_What you have to do_
Once the line containing "This spacious three-room" is found in the records below, return it and each following line exactly, up to and including the line containing "Bước 3: Sau", and nothing else.

_Available data_
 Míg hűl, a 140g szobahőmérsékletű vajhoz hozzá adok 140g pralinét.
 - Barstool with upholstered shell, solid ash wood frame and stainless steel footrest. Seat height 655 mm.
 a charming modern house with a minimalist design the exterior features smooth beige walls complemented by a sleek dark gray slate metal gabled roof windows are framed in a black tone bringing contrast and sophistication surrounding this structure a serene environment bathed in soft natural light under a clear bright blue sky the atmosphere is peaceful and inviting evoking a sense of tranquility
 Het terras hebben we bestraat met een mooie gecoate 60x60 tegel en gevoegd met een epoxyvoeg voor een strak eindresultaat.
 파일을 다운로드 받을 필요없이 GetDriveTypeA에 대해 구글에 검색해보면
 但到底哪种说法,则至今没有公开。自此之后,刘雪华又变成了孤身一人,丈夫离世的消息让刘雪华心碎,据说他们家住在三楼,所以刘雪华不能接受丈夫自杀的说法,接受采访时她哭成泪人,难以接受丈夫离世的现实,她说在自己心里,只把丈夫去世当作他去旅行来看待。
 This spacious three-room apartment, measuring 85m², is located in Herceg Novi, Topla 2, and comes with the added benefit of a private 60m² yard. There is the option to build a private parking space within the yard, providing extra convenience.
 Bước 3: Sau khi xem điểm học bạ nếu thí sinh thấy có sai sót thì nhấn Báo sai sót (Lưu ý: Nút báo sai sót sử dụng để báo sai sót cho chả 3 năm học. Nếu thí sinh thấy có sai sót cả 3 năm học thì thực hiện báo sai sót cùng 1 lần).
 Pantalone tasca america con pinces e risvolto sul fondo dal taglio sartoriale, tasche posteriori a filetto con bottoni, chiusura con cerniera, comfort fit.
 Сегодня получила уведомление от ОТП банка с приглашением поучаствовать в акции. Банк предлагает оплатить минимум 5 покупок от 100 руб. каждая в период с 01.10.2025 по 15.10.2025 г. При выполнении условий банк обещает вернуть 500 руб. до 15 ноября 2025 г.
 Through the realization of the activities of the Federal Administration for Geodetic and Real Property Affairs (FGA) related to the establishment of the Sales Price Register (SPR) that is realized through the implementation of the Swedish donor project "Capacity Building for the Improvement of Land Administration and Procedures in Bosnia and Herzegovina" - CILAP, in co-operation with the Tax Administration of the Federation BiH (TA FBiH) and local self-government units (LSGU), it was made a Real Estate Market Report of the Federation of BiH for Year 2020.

_Completed exercise_
 This spacious three-room apartment, measuring 85m², is located in Herceg Novi, Topla 2, and comes with the added benefit of a private 60m² yard. There is the option to build a private parking space within the yard, providing extra convenience.
 Bước 3: Sau khi xem điểm học bạ nếu thí sinh thấy có sai sót thì nhấn Báo sai sót (Lưu ý: Nút báo sai sót sử dụng để báo sai sót cho chả 3 năm học. Nếu thí sinh thấy có sai sót cả 3 năm học thì thực hiện báo sai sót cùng 1 lần).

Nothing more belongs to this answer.